Concept 14. The ventilation system of Concept 13, where: the gas control module is further configured to measure a reported parameter that is associated with the patient's health; Y The patient control interface is further configured to display the reported parameter.

Concept 15: The ventilation system of Concept 13, where: the executable instructions further comprise a step-off protocol, the step-down protocol comprising a series of steps comprising an initial stage which is associated with the complete support of the patient by the ventilator and a final stage which is associated with the patient's capacity to discontinue the use of respirator, the series having a direction of ascent from the initial stage to the final stage and descent in the opposite direction; each step comprises a value of the at least one operation parameter; a patient control interface configured to select the stage; Y the processor is further configured to operate in accordance with the current stage which is one of or between the initial stage and the final stage in response to the control interface by the patient.

Concept 16: The ventilation system of Concept 15, wherein the processor is configured to gradually change from the current stage to an adjacent stage in the series of protocol stages.

Concept 17: The ventilation system of Concept 16, where: each stage comprises a respective minimum duration of the operation time; Y the processor is further configured to gradually change to the adjacent ascending stage only after the respective minimum duration of the operating time in the current stage has elapsed.

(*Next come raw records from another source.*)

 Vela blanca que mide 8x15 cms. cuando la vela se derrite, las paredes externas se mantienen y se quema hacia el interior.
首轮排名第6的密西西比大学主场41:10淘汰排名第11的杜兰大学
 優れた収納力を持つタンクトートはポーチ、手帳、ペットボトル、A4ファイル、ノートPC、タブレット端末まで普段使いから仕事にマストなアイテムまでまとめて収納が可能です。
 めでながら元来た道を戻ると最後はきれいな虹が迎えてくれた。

Concept 18: The ventilation system of Concept 17, where the patient control interface is configured in addition to display the remaining time in the respective minimum duration of the operating time in the current stage.

Concept 19: The ventilation system of Concept 16, wherein, the patient control interface comprises an input device that causes the processor to change from the current stage to the adjacent ascending stage.

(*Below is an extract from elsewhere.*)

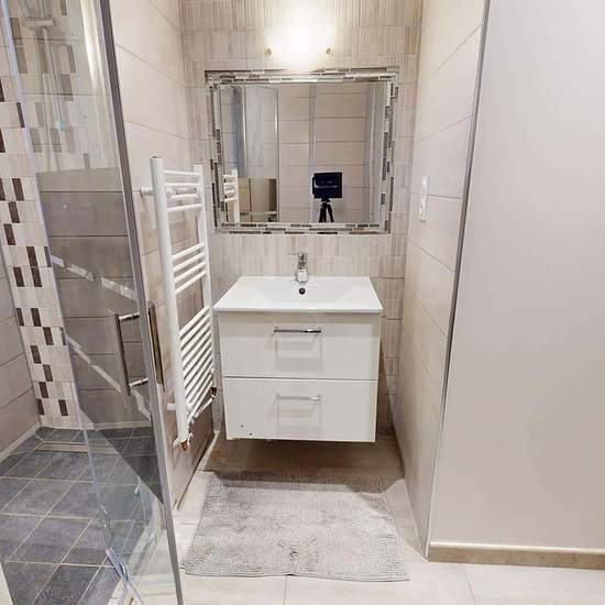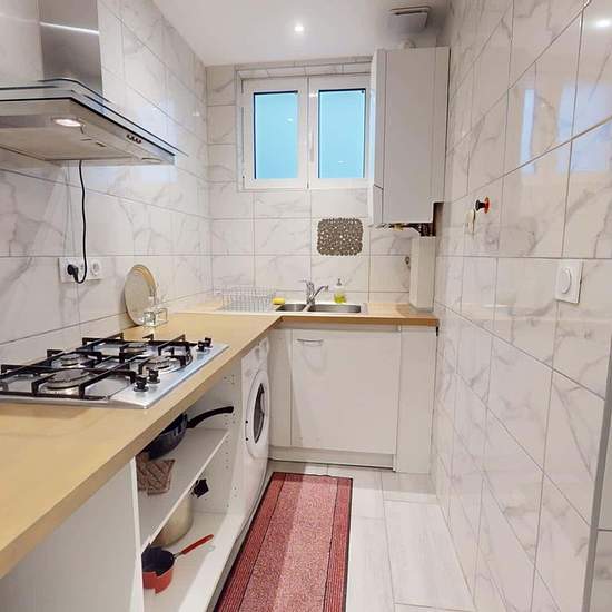 OQORO vous propose cette colocation de 80 m², située dans la commune de Vénissieux au 78 Rue Président Salvador Allende. APPARTEMENT Cette colocation de trois chambres s'ouvre sur une entrée avec un meuble à chaussures et un placard mural. Le séjour est aménagé d'une table avec trois chaises, un réfrigérateur, un BZ, un meuble de rangements ainsi que d'une télévision. La cuisine attenante est équipée d'un micro-ondes, une machine à café, un grille-pain, des plaques de cuisson avec une hotte, une machine à laver, un double évier ainsi que d...

Concept 20: The ventilation system of Concept 16, wherein, the patient control interface comprises an input device that causes the processor to change from the current stage to the adjacent downstream stage.

Concept 21: The ventilation system of Concept 16, where: each stage comprises a limit related to the at least one monitored parameter; Y the processor is further configured to gradually change from the current stage to the adjacent ascending stage only when the at least one monitored parameter is within the related limit.

Concept 22: The ventilation system of Concept 15, where: each stage comprises an identifier; and the patient control interface is further configured to display the identifier of the current stage.

Concept 23: The ventilation system of Concept 15, where: each stage comprises a progress parameter that represents the degree of progress towards the final stage of the protocol; Y The patient control interface is further configured to display the progress parameter of the current stage.

Concept 24: The ventilation system of Concept 13, wherein the executable instructions further comprise a range of operation by the at least one control parameter such that the patient can vary the at least one control parameter within the operating range to maximize patient comfort.

Concept 25: The ventilation system of Concept 24, where: the patient control interface further comprises a single entry; the executable instructions further comprise operating ranges for each of two or more control parameters and links between the two or more control parameters and the single input; Y the processor adjusts the two or more control parameters according to the single entry.

Concept 26: The ventilation system of Concept 25, wherein, the patient control interface is further configured to display an adjustment parameter that is associated with the current value of the single entry.

Concept 27: A computer-readable medium having computer executable instructions stored thereon for execution by a processor to perform a method of controlling a respirator, the method comprising the steps of: providing a patient with a control interface by the patient through which the patient controls at least one control parameter of a respirator; Y configuring a processor for controlling the respirator in response to the control interface by the patient such that the patient controls the at least one ventilator control parameter in accordance with pre-set limits on changes in the at least one parameter of control.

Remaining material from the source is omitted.